1. Audit new and existing user flows, review user experience and set up a preference center.

  • Review permissions and expectations that are set when a recipient opts-into your marketing programsOn the other end of that email address is a person who trusts your brand enough to give you access to his/her inbox. Recipients should always have clear expectations set when they willingly provide their email address to you. When users sign up, tell them what you are going to send, how often you will be sending mail and give the the option to customize preferences as to how to best reach him/her. Once expectations are set, stick to what you have said. If your recipient is expecting to receive mail weekly, don’t just start sending mail daily!
  • Review user experience. Sending a welcome message is always a great idea to reinforce subscription expectations. Do you send a welcome message immediately upon providing an email address? How much mail and how often do you send? Are you sending so often it’s overwhelming? Put yourself in your recipient’s shoes. Is the cadence and content of your messages attractive? Are you sending too much or too little mail so that your recipients forget about you? Test several mail streams to see what performs well with your customer base.
  • Establish a preference center. Every subscriber is different and will have different preferences for how they want to hear from you, so make sure you provide choices for them to customize their experience. Consumers will heavily engage in email streams they choose. This puts the subscriber in control and he/she will be more likely to opt-down rather than opt-out of all communications. Periodically test your preference center to ensure you have not made updates to your email programs that have not been updated in your preferences.

2. Review email performance regularly and often.

  • An engaged list will see 15 – 30% click to open rates ongoing with low opt-outs and low abuse complaints. If you are seeing open rates lower than 10%, this can be indicative of a non-engaged list and some work can be done.
  • Look at email performance by domain for your top domains. If all domains are performing, for example, at 15-20% opens, but one is at 1% opens, the domain at 1% is most likely junking your mail.
  • Inability to meet these benchmark metrics, even after optimizing for content relevancy and campaign creative, can signal sending reputation issues which must be repaired.

3. Test performance with split testing.

  • Are you testing and evaluating recipient behavior and performance? Which emails are the most read? Which ones are ignored? As we say at Sailthru: Always be testing! Recipient’s behavior and engagement weigh significantly on if (and where) your mail will be delivered. Strong opens and engagement will keep your messages in the inbox, so ensure you are always testing and optimizing your email campaign’s tactics, content and creative against performance benchmarks.

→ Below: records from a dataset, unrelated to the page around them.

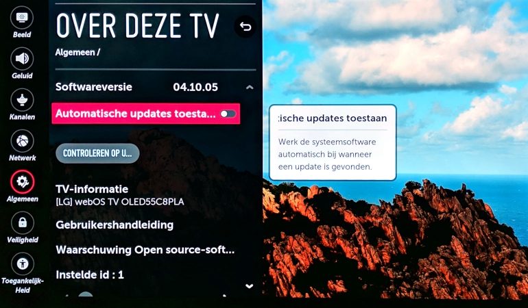 - ‘Over deze tv’: Open dit submenu om eventuele software updates uit te voeren.
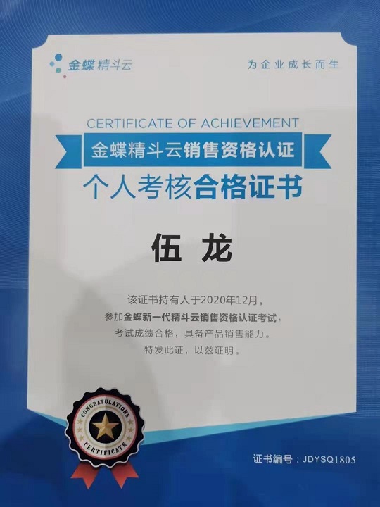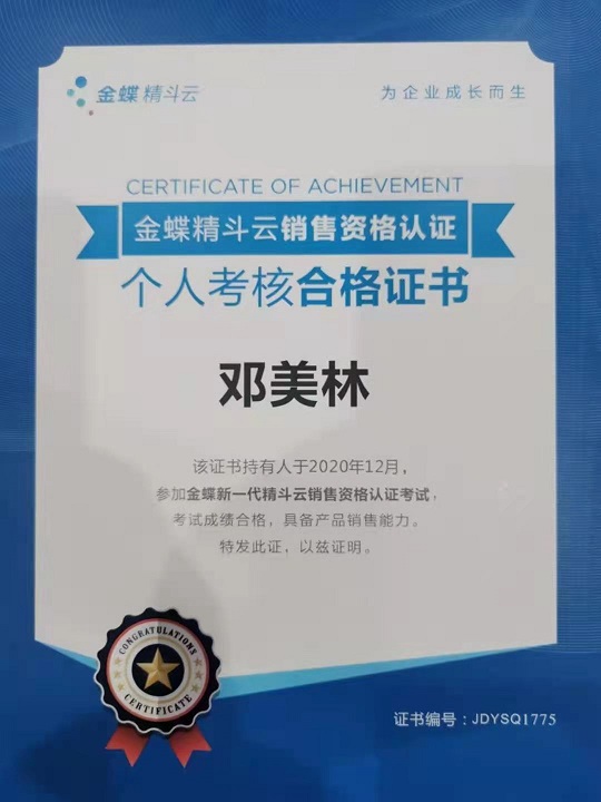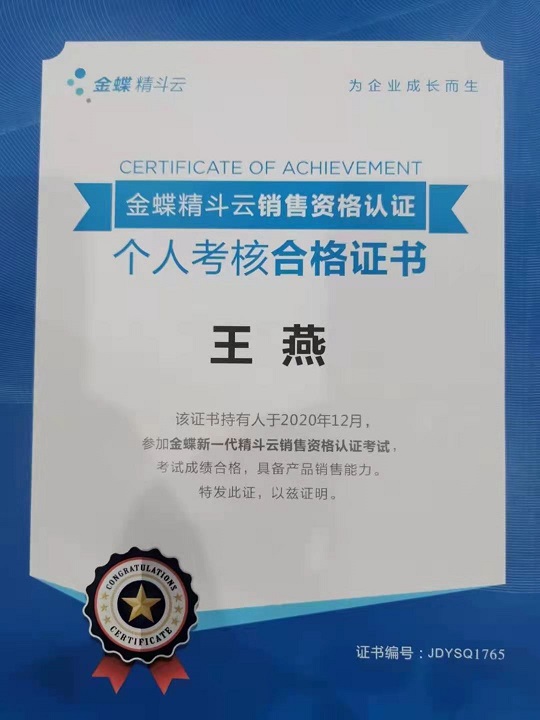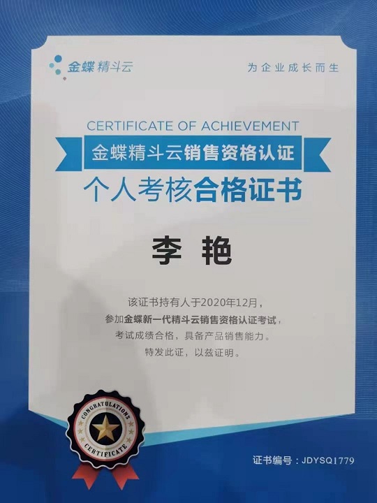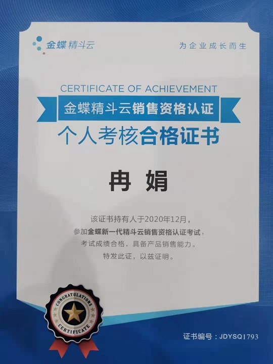 杜树娟参加金蝶云星空旗舰版初级考核考试合格
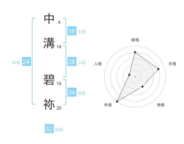 中溝 碧袮さんの総格は52画の4点!
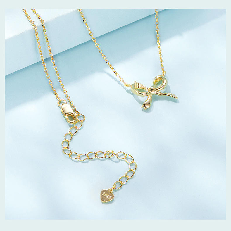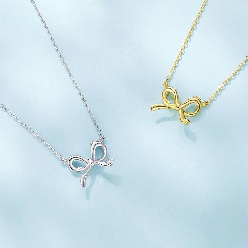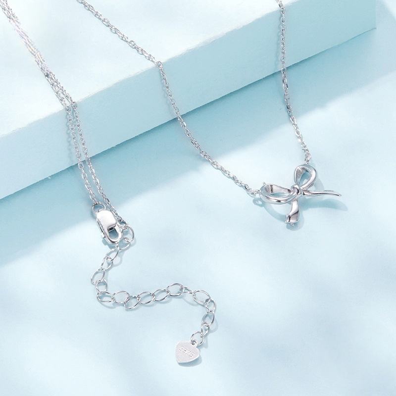 Pendentif nœud papillon en argent sterling S925 de style simple pour la Saint-Valentin avec trou bilatéral pour la fabrication de colliers de bijoux cadeaux de mariage
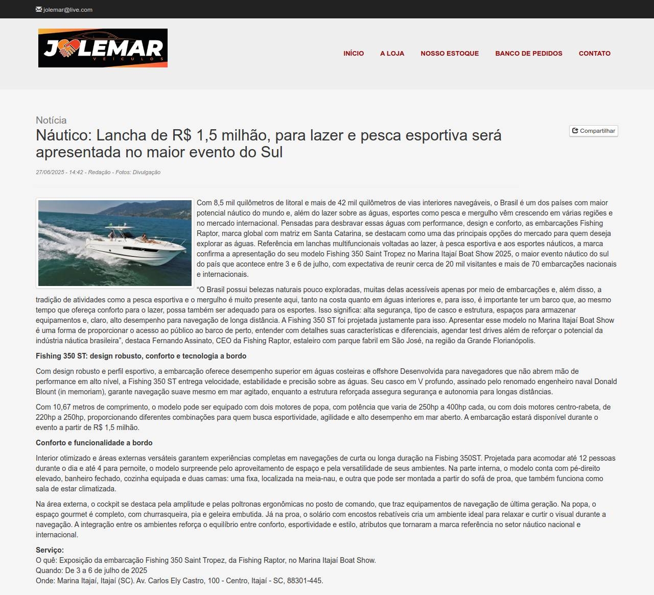 Notícia Náutico: Lancha de R$ 1,5 milhão, para lazer e pesca esportiva será apresentada no maior evento do Sul 27/06/2025

4. Audit list source performance.

  • Look at open rates, opt-out rates and complaint rates by list source. Lists sources that have high opt-out rates and complaints may be hurting your overall deliverability. Quality lists will have strong open rates and low opt-out and abuse rates. Encourage signup from these quality sources and evaluate poorer performing acquisition sources.

5. Seed test email sends.

  • This is a super simple one that often gets neglected. Send test emails to test addresses at major ISPs to see if messages land in the inbox or junk folder!

6. Review suppression lists often.

  • Suppressing non-engaged recipients will boost your open rates as well as your inbox placement. Since ISPs are looking at how their recipients interact with your mail overall, sending to a large amount of recipients over and over that never engage with your messages can be detrimental to your sending reputation. Ensure you have suppressions that work with your frequency and audience. And always try to re engage subscribers before they become completely disengaged or dormant with messaging that re-confirms the opt-in or reminds them why they subscribed in the first place (“I miss you” messages can be an effective way to do so.)

Understanding how recipients behave towards your messages will help get email delivered to the inbox. Review your metrics, test and take action to earn inbox placement. We hope you’ll take the extra steps to try one or all of the above recommended best practices!